Two lines mark the range in the entries below: the one holding "AMD WRX80 Ryzen?" and the one holding "Rechts unten in". Set down those two and all lines between them, exactly.

####

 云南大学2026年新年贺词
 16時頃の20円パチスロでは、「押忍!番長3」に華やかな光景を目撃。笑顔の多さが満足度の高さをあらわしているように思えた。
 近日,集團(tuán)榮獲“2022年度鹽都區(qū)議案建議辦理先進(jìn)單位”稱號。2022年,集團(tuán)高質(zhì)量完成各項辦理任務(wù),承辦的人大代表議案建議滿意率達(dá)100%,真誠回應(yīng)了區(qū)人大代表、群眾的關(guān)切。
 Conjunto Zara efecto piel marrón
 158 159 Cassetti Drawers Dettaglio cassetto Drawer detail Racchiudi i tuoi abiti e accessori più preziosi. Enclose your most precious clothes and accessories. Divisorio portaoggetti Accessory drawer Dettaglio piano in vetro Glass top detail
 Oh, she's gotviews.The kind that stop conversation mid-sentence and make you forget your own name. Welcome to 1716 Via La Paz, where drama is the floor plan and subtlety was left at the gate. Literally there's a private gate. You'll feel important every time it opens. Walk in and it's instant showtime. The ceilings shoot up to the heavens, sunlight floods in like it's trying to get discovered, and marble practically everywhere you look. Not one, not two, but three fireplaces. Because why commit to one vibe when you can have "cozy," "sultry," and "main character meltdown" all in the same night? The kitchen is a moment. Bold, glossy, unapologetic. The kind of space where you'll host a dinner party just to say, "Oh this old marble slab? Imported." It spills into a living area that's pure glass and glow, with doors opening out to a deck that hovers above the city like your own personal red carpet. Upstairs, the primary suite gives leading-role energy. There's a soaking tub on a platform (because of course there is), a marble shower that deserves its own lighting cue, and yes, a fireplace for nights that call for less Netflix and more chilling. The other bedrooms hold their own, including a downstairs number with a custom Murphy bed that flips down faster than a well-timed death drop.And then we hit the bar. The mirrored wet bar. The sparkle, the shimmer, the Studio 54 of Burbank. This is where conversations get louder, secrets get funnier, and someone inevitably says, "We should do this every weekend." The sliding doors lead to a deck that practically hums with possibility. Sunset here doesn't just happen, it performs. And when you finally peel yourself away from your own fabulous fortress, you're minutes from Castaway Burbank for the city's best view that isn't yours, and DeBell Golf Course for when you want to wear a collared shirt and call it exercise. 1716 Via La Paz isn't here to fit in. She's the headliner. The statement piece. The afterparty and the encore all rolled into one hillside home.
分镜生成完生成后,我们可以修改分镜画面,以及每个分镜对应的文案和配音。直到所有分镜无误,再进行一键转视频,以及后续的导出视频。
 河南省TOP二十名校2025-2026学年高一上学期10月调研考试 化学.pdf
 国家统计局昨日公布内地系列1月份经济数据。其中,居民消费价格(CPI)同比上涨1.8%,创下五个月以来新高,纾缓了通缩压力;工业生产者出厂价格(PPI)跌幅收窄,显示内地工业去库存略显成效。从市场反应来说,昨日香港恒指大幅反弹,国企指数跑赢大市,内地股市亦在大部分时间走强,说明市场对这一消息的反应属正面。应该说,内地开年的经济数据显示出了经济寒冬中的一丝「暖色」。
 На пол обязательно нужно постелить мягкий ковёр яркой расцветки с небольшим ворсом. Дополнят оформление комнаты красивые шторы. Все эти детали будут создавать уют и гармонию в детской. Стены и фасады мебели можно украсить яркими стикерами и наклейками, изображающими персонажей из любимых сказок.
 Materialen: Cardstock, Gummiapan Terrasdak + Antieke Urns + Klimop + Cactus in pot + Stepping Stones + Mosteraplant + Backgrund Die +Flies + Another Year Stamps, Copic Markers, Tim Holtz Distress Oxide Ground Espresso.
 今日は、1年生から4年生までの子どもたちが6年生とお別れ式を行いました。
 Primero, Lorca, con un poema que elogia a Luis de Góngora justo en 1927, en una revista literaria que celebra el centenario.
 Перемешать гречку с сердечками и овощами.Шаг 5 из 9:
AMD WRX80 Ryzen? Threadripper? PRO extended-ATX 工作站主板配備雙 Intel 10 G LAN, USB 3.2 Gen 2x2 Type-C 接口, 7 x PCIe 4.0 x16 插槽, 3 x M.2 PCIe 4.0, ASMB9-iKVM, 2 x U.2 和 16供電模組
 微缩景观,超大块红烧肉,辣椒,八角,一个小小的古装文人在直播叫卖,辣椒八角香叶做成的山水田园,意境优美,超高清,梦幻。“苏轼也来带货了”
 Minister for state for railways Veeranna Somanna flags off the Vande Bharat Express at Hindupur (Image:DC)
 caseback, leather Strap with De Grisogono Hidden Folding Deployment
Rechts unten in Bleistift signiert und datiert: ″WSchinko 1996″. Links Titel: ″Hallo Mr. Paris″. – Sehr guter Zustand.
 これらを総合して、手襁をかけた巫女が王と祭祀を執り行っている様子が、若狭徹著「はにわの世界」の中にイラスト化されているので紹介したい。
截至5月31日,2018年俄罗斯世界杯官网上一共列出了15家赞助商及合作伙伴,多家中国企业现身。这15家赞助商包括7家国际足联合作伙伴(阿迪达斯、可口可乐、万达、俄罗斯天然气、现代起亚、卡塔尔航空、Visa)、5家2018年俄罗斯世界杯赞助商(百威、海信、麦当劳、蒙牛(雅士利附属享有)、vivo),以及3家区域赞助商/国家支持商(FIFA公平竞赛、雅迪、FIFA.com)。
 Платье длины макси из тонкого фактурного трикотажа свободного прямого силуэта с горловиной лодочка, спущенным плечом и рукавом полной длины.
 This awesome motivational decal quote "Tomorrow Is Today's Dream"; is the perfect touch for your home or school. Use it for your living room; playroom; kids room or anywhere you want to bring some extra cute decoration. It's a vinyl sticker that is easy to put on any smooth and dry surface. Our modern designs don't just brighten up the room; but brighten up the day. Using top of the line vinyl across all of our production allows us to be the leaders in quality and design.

####

Your response
AMD WRX80 Ryzen? Threadripper? PRO extended-ATX 工作站主板配備雙 Intel 10 G LAN, USB 3.2 Gen 2x2 Type-C 接口, 7 x PCIe 4.0 x16 插槽, 3 x M.2 PCIe 4.0, ASMB9-iKVM, 2 x U.2 和 16供電模組
 微缩景观,超大块红烧肉,辣椒,八角,一个小小的古装文人在直播叫卖,辣椒八角香叶做成的山水田园,意境优美,超高清,梦幻。“苏轼也来带货了”
 Minister for state for railways Veeranna Somanna flags off the Vande Bharat Express at Hindupur (Image:DC)
 caseback, leather Strap with De Grisogono Hidden Folding Deployment
Rechts unten in Bleistift signiert und datiert: ″WSchinko 1996″. Links Titel: ″Hallo Mr. Paris″. – Sehr guter Zustand.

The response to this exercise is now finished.